Мне надо было работать – время поджимало. Через два часа должен был приехать водитель – предстояла  встреча с москвичами. Эти столичные партнеры уже два года с определенной периодичностью предлагают объединиться. Видно, позиции моего дела серьезно укрепились. Вот только нервы слабоваты против некоторых течений современной музыки, будь она неладна!..
Проводив Галку, включила Чайковского – первый концерт для фортепиано с оркестром – на значительном уровне. Зная, что окружающие меня соседи находятся на работе, не стала заморачиваться насчет этикета. Пусть молодежь послушает хорошую музыку.
Я очень люблю Чайковского! Нет у него ни одного произведения, которое бы не теребило душу – от концертов и опер до «Сентиментального вальса». Музыка его – это гимн водной стихии, чистый и светлый.
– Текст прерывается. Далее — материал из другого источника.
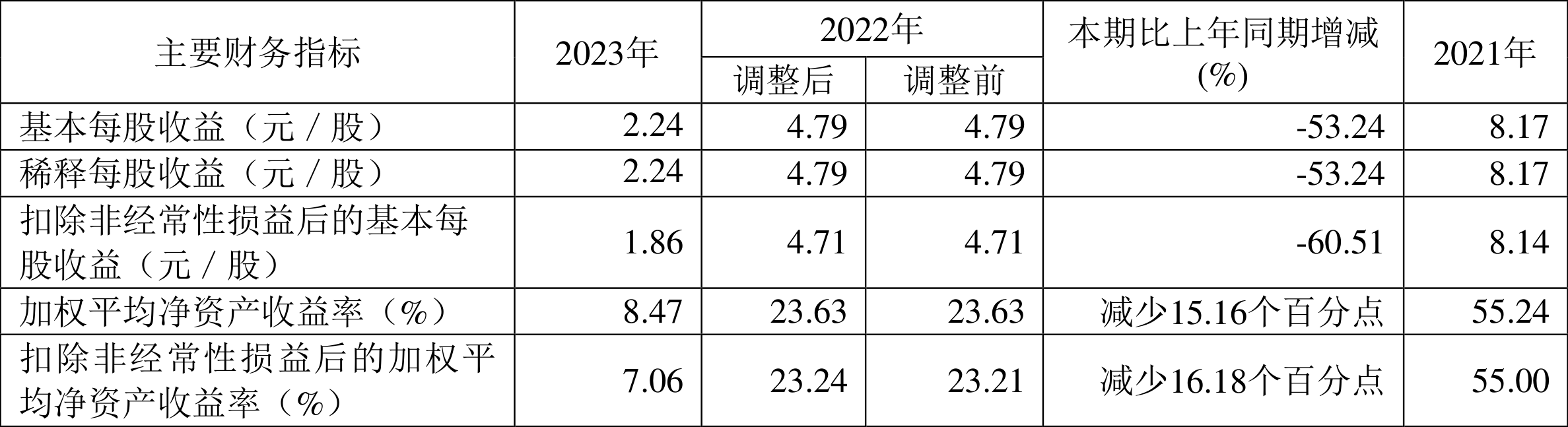 数据显示,2023年公司加权平均净资产收益率为8.47%,较上年同期下降15.16个百分点;公司2023年投入资本回报率为5.61%,较上年同期下降10.95个百分点。
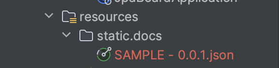 // /static/docs/SAMPLE - 0.0.1.json 생성 → jar 파일만 배포할 예정이기에 build 에 출력
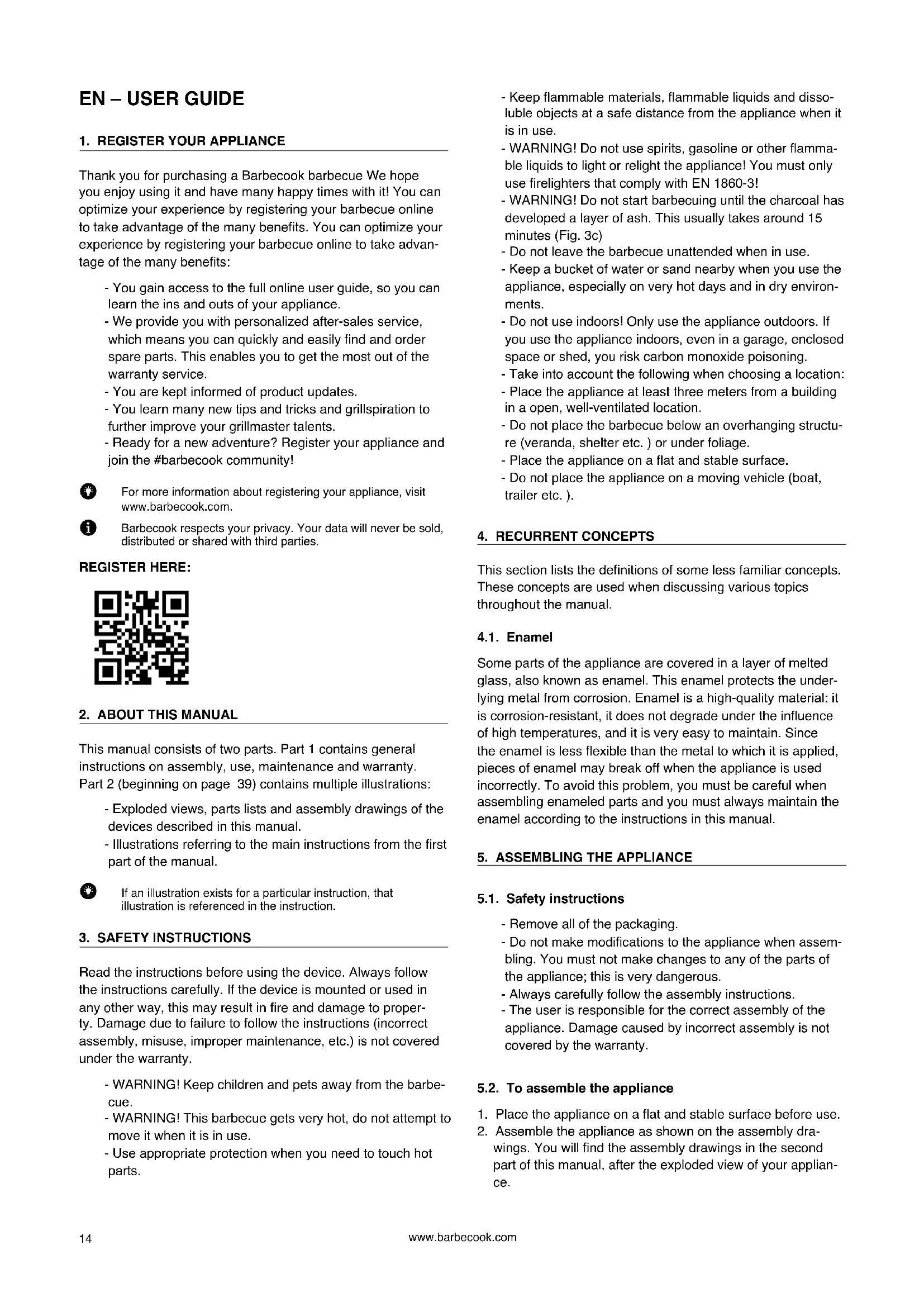 Thank you for purchasing a Barbecook barbecue We hope you enjoy using it and have many happy times with it! You can optimize your experience by registering your barbecue online to take advantage of the many benets. You can optimize your experience by registering your barbecue online to take advan- tage of the many benets: - You gain access to the full online user guide, so you can learn the ins and outs of your appliance. - We provide you with personalized after-sales service, which means you can quickly and easily nd and order spare parts. This enables you to get the most out of the warranty service. - You are kept informed of product updates. - You learn many new tips and tricks and grillspiration to further improve your grillmaster talents. - Ready for a new adventure? Register your appliance and join the #barbecook community!

Первый концерт всегда напоминает мне один случай из детства. В то время мы жили в Грузии. Папа был командиром полка в Кутаиси. Этот, довольно пыльный город, не оставил никаких воспоминаний, потому что мы, дети, его просто не видели. Каждодневные поездки на полковом автобусе в школу и в «музыкалку» в дом офицеров, да выезд на рынок раз в неделю с родителями – вот все развлечения за пределами военного городка, который располагался  на окраине города.
Окраина была большая, огороженная каменным забором, обросшим кустами дикого граната и ежевики. Летом, когда жара достигала предельной отметки, эти кусты издавали такой головокружительно терпкий аромат, который помнится до сих пор.
Вообще на глинистой и каменистой почве расти могли, наверное, только виноградники. Скупая природа не радовала глаз кривыми деревцами и пожухлой травой. Но в нашем городке было много русского. Например, ромашки, которые цвели и разрастались на стрельбище. Их больше нигде не было. Они были такие красивые, густые и такие высокие, что мы играли на этом поле в прятки: присядешь, и тебя не видно.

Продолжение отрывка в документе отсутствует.